Types of discontinuities:
- Removable: limit exists, but $f(x_0)$ missing or mismatched.
- Jump: one-sided limits finite but different.
- Infinite: one or both one-sided limits $\pm\infty$.
- Oscillatory: limit does not exist due to oscillation.
Basic facts:
- Polynomials, rational functions (on their domain), $\sin,\cos,e^x,\log x$ are continuous on their domains.
- Algebra and composition of continuous functions yield continuous functions.
Exercises
Exercise 1
Check continuity of \(f(x)=\frac{x^2-1}{x-1}, \quad x\ne1, \quad f(1)=c.\)
Solution:
For $x\ne1$, $f(x)=x+1$. Limit at $1$ is $2$. To be continuous, set $f(1)=c=2$.
Final Result: \(c=2 \quad \text{makes $f$ continuous at } x=1.\)
Exercise 2
Classify discontinuity of $\operatorname{sgn}(x)$ at $0$.
Solution:
$\lim_{x\to0^-}=-1$, $\lim_{x\to0^+}=1$. Different finite limits.
Final Result: \(\text{Jump discontinuity at } x=0.\)
Exercise 3
Study $f(x)=\frac{1}{x}$ at $x=0$.
Solution:
One-sided limits diverge to $\pm\infty$.
Final Result: \(\text{Infinite discontinuity at } x=0.\)
Exercise 4
Study $f(x)=\frac{\sin x}{x}$ for $x\ne0$, with $f(0)=1$.
Solution:
Limit $\lim_{x\to0}\frac{\sin x}{x}=1=f(0)$. Continuous at $0$.
Final Result: \(f \text{ continuous on } \mathbb{R}.\)
Exercise 5
$f(x)=|x|\sin(1/x)$ for $x\ne0$, $f(0)=0$. Study continuity at $0$.
Solution:
$|f(x)|\le |x|\to0$, so $\lim_{x\to0}f(x)=0=f(0)$.
Final Result: \(f \text{ is continuous at } 0.\)
Exercise 6
$f(x)=
\begin{cases}
ax+b,&x<2,
x^2,&x\ge2
\end{cases}$.
Choose $a,b$ for continuity at $2$.
Solution:
$\lim_{x\to2^-}=2a+b$, $f(2)=4$. Condition: $2a+b=4$.
Final Result: \(\text{Continuity at }2 \iff 2a+b=4.\)
Exercise 7
Check continuity of $f(x)=\log(x^2-4)$.
Solution:
Domain requires $x^2-4>0 \iff |x|>2$. On domain, composition of continuous functions is continuous.
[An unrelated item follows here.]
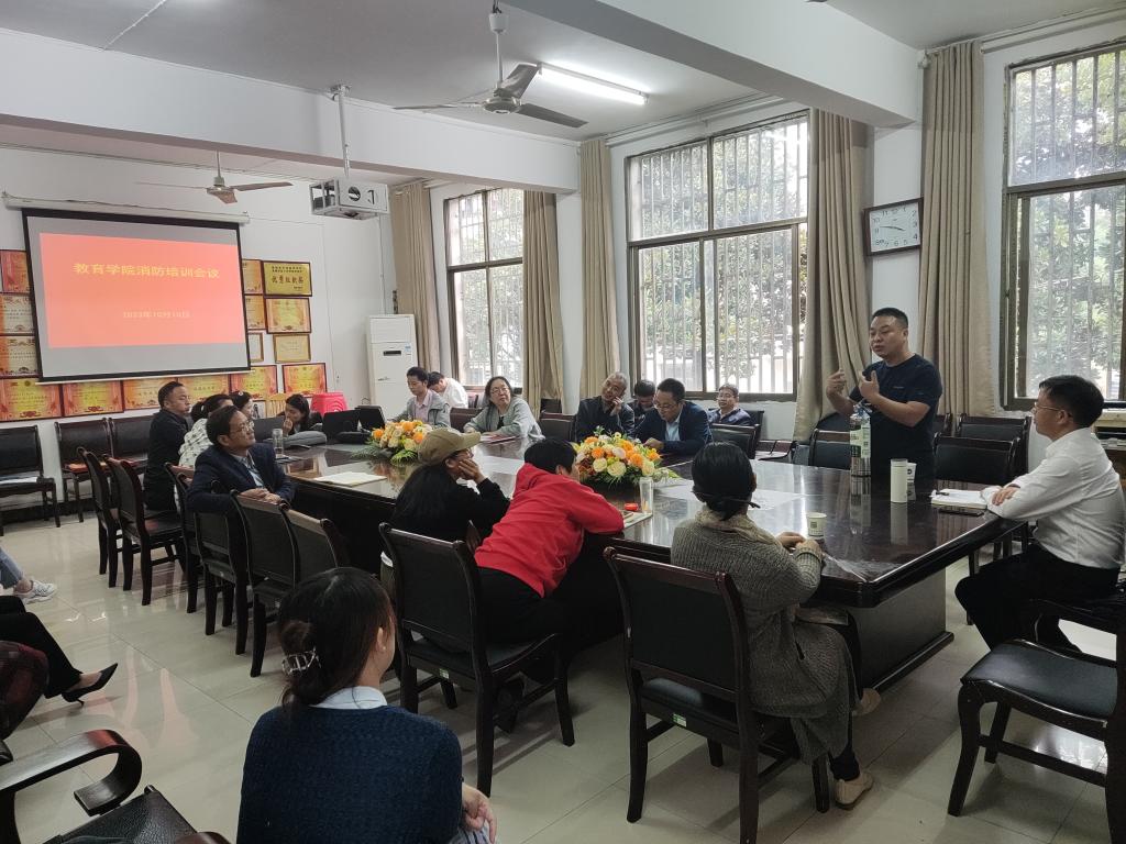 10月10日下午,教育学院在甘澍楼304会议室召开消防培训工作会议。会议邀请了娄底市应急管理局下属单位烈火行者专业讲师到会主讲,学院党总支书记邹坤主持会议,院长刘超良,副院长刘黎明,学院全体教师参加培训。
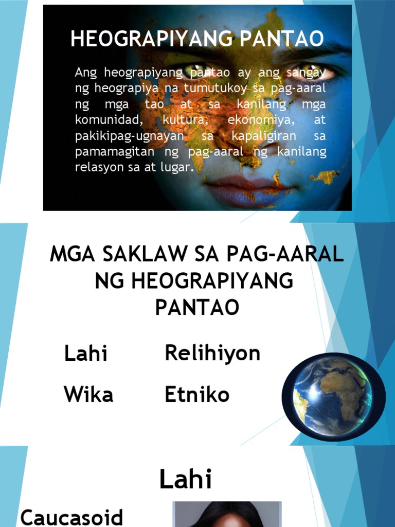 Bay Grade VIII- Fe del Mundo References. Ang heograpiyang pantao Ingles. Human GeographyHEOGRAPIYANG PANTAOIto ay pag-aaral ng wika relihiyon lahi at pangkat-etniko sa ibat ibang bahagi ng daigdig-kaluluwa ng isang kulturaWIKAkalipunan ng mga paniniwala at rituwal ng isang pangkat ng mga taong tungkol sa isang kinikilalang makapangyarihang nilalang o DiyosRELIHIYONNagmula ito sa salitang religare na.

Final Result: \(f \text{ continuous on } (-\infty,-2)\cup(2,\infty).\)
Exercise 8
$f(x)=
\begin{cases}
\sin(1/x),&x\ne0,
0,&x=0.
\end{cases}$
Check continuity at $0$.
Solution:
Limit $\lim_{x\to0}\sin(1/x)$ does not exist (oscillations). So discontinuous at $0$.
Final Result: \(\text{Oscillatory discontinuity at } 0.\)
Exercise 9
$f(x)=
\begin{cases}
x^2,&x\le0,
1,&x>0.
\end{cases}$
Check continuity at $0$.
Solution:
Left limit $0$, right limit $1$. Different.
Final Result: \(\text{Jump discontinuity at } 0.\)
Exercise 10
$f(x)=
\begin{cases}
\cos x,&x<0,
a+bx,&x\ge0.
\end{cases}$
Find $a,b$ for continuity at $0$.
Solution:
$\lim_{x\to0^-}\cos x=1$, $f(0)=a$. Continuity $\Rightarrow a=1$. $b$ free.
Final Result: \(a=1,\; b \in\mathbb{R}.\)